После разговора с Мельниченко Градусов, преодолевая крутой подъем, сумрачно насупясь, ступал грузно, весь в жаркой испарине. Офицеры негромко переговаривались, шли за ним легко, и, чувствуя это, он испытал вдруг впервые за много лет горькую зависть к молодости и здоровью, чего теперь так недоставало ему, глухую ревность к тому, что он во многом не понимает их, подчиненных ему офицеров.
Отдуваясь, он прижал руку к неровно бьющемуся сердцу и подумал, что ведь жить осталось не так долго. И на какую-то минуту страстно захотелось общего понимания и согласия, тихой умиротворенности, любви к себе в его дивизионе. Это было желание старого, усталого человека, и жесткое выражение его лица немного смягчилось, как смягчалось обычно, когда каждый вечер он переступал порог своего тихого дома, входил в обжитой уют и видел жену Дарью Георгиевну и взрослую дочь Лидию, ожидавших его за столом к ужину.
«Старею, сентиментальничаю», — подумал Градусов и раздраженно оглянулся на офицеров.
А над головой шелестели снаряды, с раскатистым громом рвались где-то за холмом, затем впереди, из-за кустов, явственно долетели команды — и вновь сверлящий шелест возник, прошел над головой, плотный грохот разрывов толкнул воздух.
«Что это? — подумал Градусов. — Почему тут наблюдательный пункт?»

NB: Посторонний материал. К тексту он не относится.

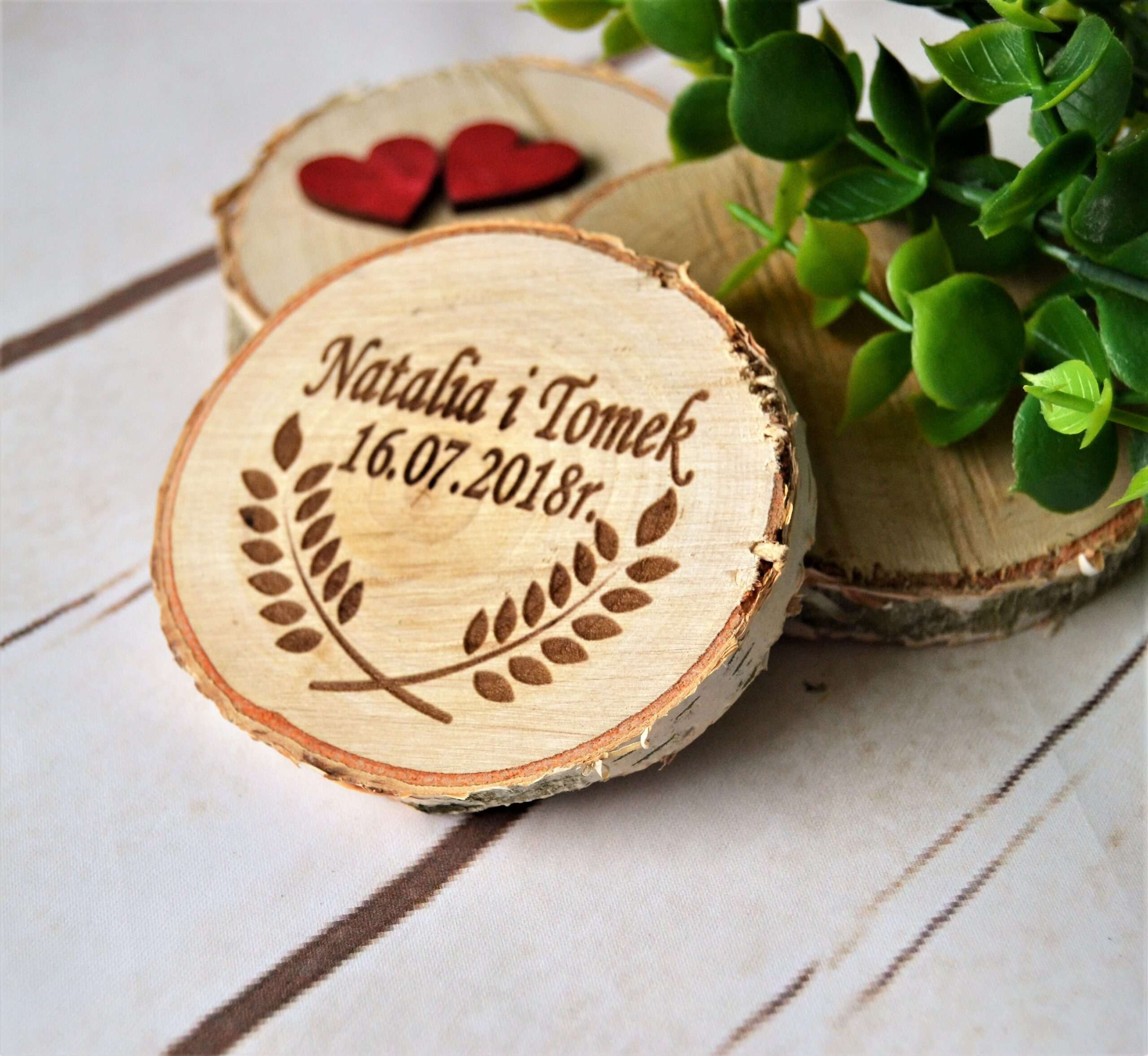 Prezentujemy wyjątkowe, rustykalne magnesy ślubne z wygrawerowanymi laserowo imionami Pary Młodej i datą uroczystości.Doskonale podkreślające naturalne piękno drewna, idealny jeśli planujesz wesele w stylu rustykalnym.

Солнце палило, он шумно дышал, шагая через кусты, сквозь жидкую тень — здесь не стало прохладнее; кровь стучала в затылке, жилы на висках вздулись, из-под фуражки сбегали капли пота.
Кусты кончились. Впереди на открывшемся косогоре, в траве, возле телефона, сидел на корточках Степанов, выкрикивая в трубку угломер и прицел; метрах в восьмидесяти выше, неподалеку от вершины холма, стоял в рост Беленевский и во всю силу голоса передавал оттуда команды:
— Угломер двадцать два — сорок! Прицел восемьдесят! Два снаряда! Огонь!
— Выстрел! Выстрел! — докладывал Степанов.
Распоров железным свистом воздух, снаряды разорвались за холмом, дважды упруго тряхнуло землю. Затрудненно дыша, Градусов подошел к Степанову, мгновенно вскочившему, с непониманием выговорил:
— Это что тут такое?
— Товарищ майор…
— Где ваш наблюдательный пункт? перебил Градусов. — Где курсант Дмитриев?
— Товарищ майор… у нас не хватило связи. Команды передаются с наблюдательного пункта на расстоянии. Дмитриев на высоте.
— На расстоянии? Товарищи офицеры! Попрошу ко мне!